» Required work:
Leave the pictures out. Transcribe exactly every line from the start of the records through the one containing "Part hair from".

Stored data entries:
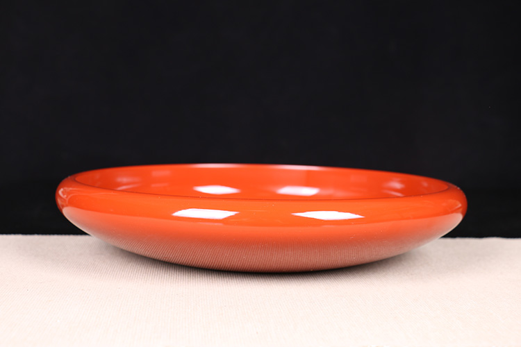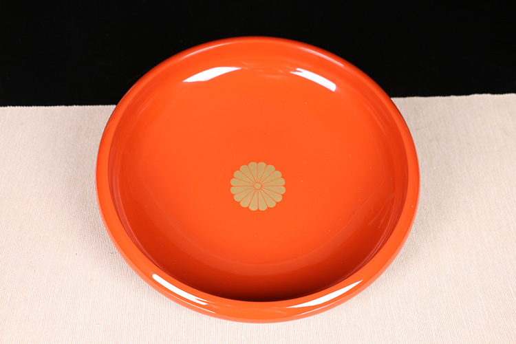 日本漆器 日本轮岛涂木胎漆器大果子盘 日本轮岛涂工艺,整体朱红大漆,内皇室菊花纹,整体较大,做干泡台十分合适
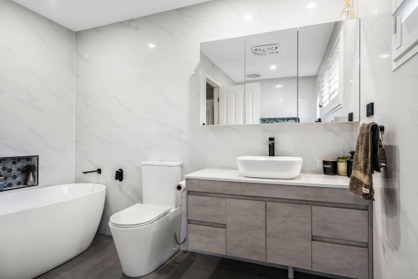 - Modern bathrooms, with Caesarstone wall hung vanities, & Second toilet in laundry
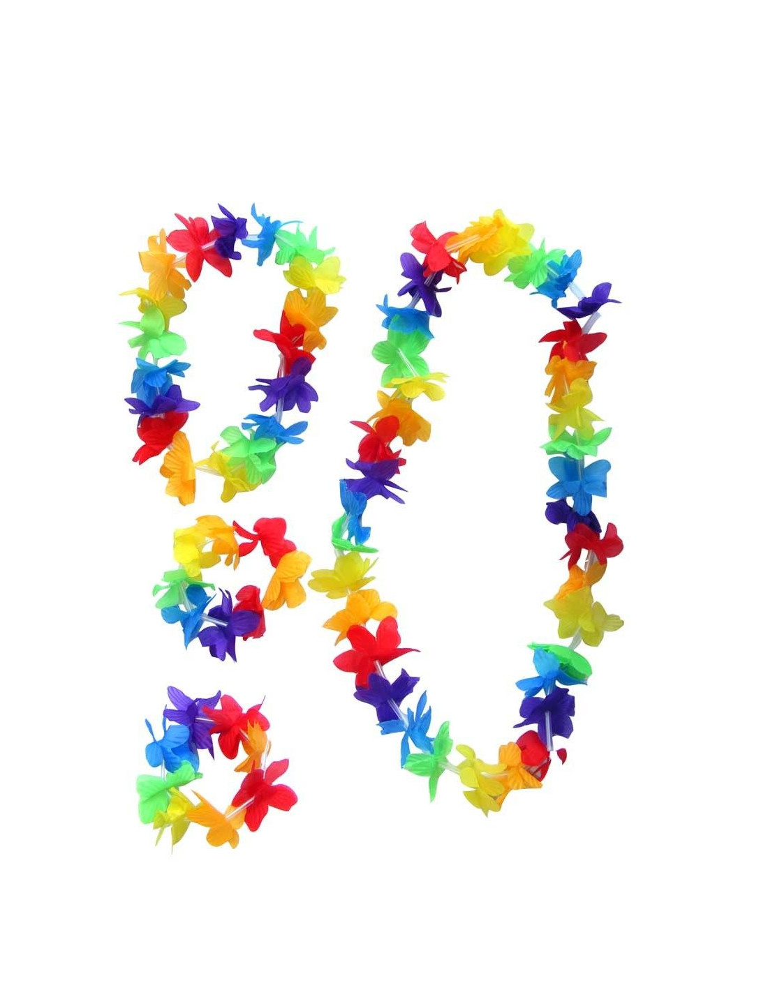 Complementa tu disfraz de hawaiana/o y prepárate para mover tus caderas al ritmo del Hula, con este set hawaiano deluxe. Incluye un fenomenal set hawaiano deluxe fabricado en tela, compuesto por un collar, un par de muñequeras y una diadema para la cabeza, decorados con flores para darle un aspecto mucho más tropical.
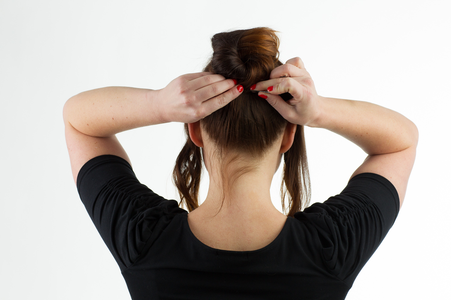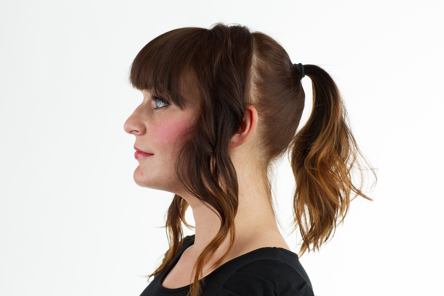 Part hair from ear to ear. Put the back hair in a ponytail.
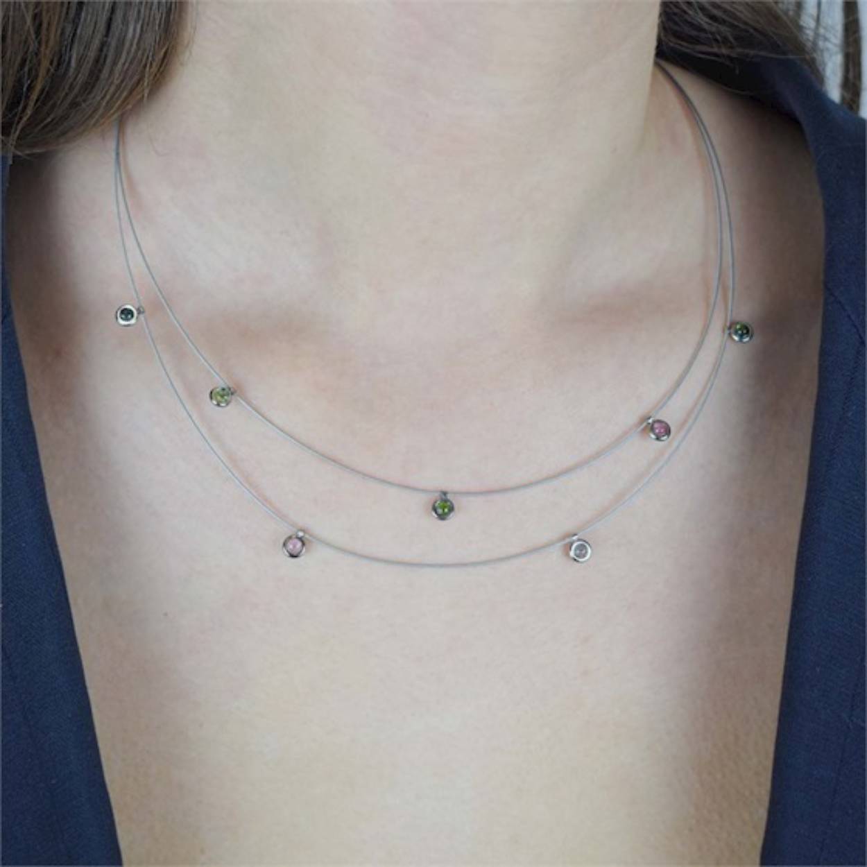 Titanium collier met elementjes van titanium en kleurrijke Toermalijn
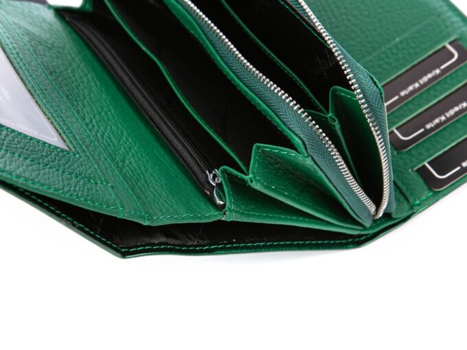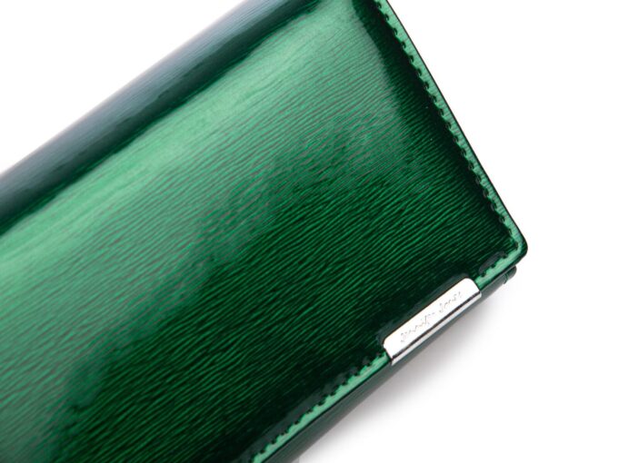 - Duży, zielony (kolor butelkowej zieleni) portfel damski z gładką taflą lakieru i delikatnym wzorkiem w cieniowane, metaliczne linie.
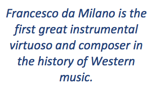 Little known today, Francesco da Milano was once the most influential and renowned lutenist in Europe, and in fact Francesco is the first great instrumental virtuoso and composer in the history of Western music. He is first in a long line of composer/performers of instrumental music that includes Mozart and Beethoven – his descendants and heirs – and many others down the centuries, whose music was so powerful and important that it disseminated beyond national boundaries and influenced contemporaries as well as succeeding generations of musicians. His countrymen called him il divino (the divine), the epithet he shared only with his contemporary (painter, sculptor, architect) Michelangelo.

» Answer section:
 日本漆器 日本轮岛涂木胎漆器大果子盘 日本轮岛涂工艺,整体朱红大漆,内皇室菊花纹,整体较大,做干泡台十分合适
 - Modern bathrooms, with Caesarstone wall hung vanities, & Second toilet in laundry
 Complementa tu disfraz de hawaiana/o y prepárate para mover tus caderas al ritmo del Hula, con este set hawaiano deluxe. Incluye un fenomenal set hawaiano deluxe fabricado en tela, compuesto por un collar, un par de muñequeras y una diadema para la cabeza, decorados con flores para darle un aspecto mucho más tropical.
 Part hair from ear to ear. Put the back hair in a ponytail.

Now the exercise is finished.